OpenLife Nigeria reports that the Bank of Japan has reached a new milestone in its fight to keep interest rates low: it now owns more than half of all government bonds on a value basis.
As other central banks in the developed world battle inflation and raise interest rates, the BOJ is going the opposite way out of a belief that it has not met its goal of sustained 2% inflation. But foreign investors doubt that it can continue and are dumping Japanese bonds.
The BOJ has responded by kicking its bond purchases into overdrive to keep long-term yields down. How much longer might it keep the pedal to the metal?

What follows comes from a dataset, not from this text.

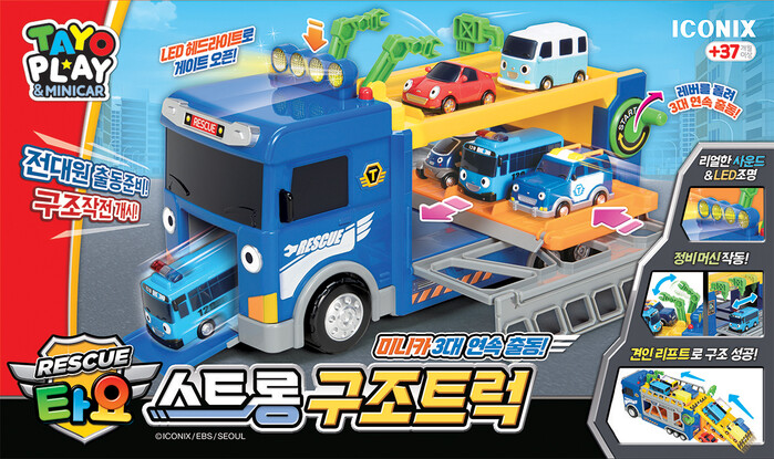 아이코닉스도 다채로운 신규 완구를 선보였다. 여러 대의 미니카를 실을 수 있는 타요 스트롱 구조트럭은 레버를 돌려 3대의 미니카를 연속으로 출동시킬 수 있으며 구조 트레이와 견인 리프트 , 정비 머신으로 미니카를 구조하거나 움직이고 수리할 수 있는 기능들을 갖췄다.

Fresh reports have it that the share of Japanese government bonds held by the Bank of Japan has topped 50% on a market value basis for the first time, new data shows, as the bank continues with large-scale purchases to maintain ultralow interest rates.
The BOJ held 535.62 trillion yen ($3.92 trillion) in Japanese government bonds by market value at the end of September, excluding treasury discount bills, according to its Flow of Funds Accounts report published Monday.

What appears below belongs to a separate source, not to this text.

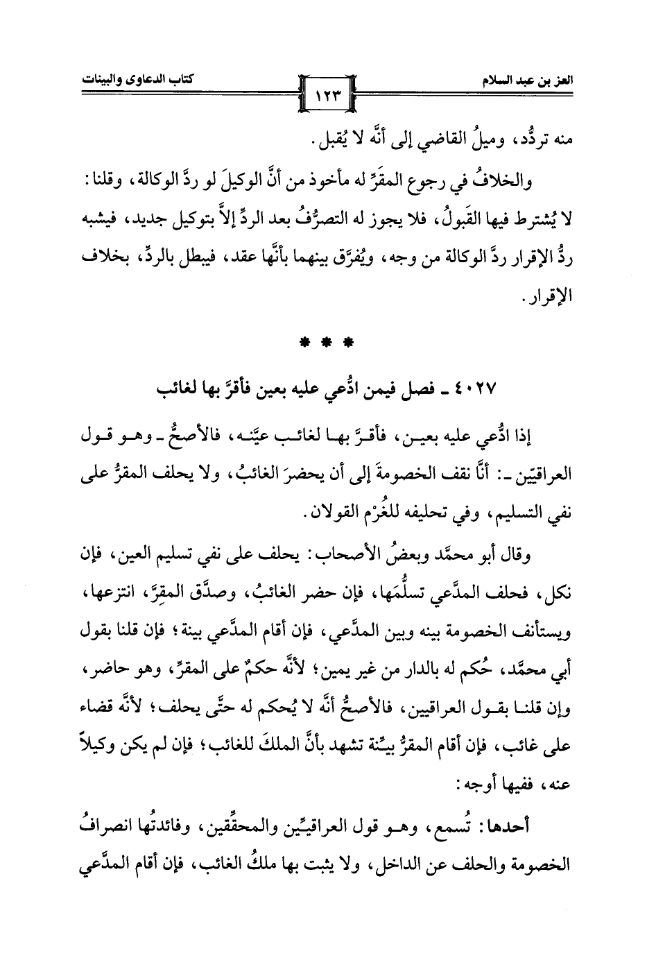 4027 - فصل فيمن ادُّعي عليه بعين فأقرَّ بها لغائب

This represented 50.3% of the outstanding balance of nearly 1.07 quadrillion yen — up from 49.6% at the end of June.
The figure came to around 10% a decade earlier.
Including treasury discount bills, the BOJ held 44.9% of the outstanding balance, followed by insurers and pension funds at 19.6%, overseas investors at 14.1%, and banks and other depository corporations at 13.2%.
Japanese interest rates have faced upward pressure since the spring as U.S. and European central banks raise rates in response to global inflation. Investors, particularly those overseas, have accelerated sales of Japanese government bonds on speculation that the BOJ will eventually adjust its monetary policy as well. But the central bank has instead conducted unlimited buying operations to defend a 10-year yield cap of around 0.25%.
Its bond holdings have only continued to grow since September. The central bank held a record 51.4% of outstanding long-term Japanese government bonds by face value as of December 9, according to Nikkei group company QUICK. The BOJ’s annual bond purchases have topped 100 trillion yen for the first time in six years as it fights continued upward pressure on rates.
The BOJ maintains a disproportionately large portfolio compared with key counterparts. Its asset holdings equal 126% of nominal gross domestic product, according to SMBC Nikko Securities, versus 34% for the U.S. Federal Reserve and 67% for the European Central Bank. Both the Federal and the ECB have already halted large-scale bond purchases and are turning to quantitative tightening — a scaling back of their balance sheets — as inflation rages.
Inflation in Japan is now above 3%. Still, the BOJ does not see growth in consumer prices hitting its 2% goal sustainably and remains committed to large-scale easing until wages start to rise.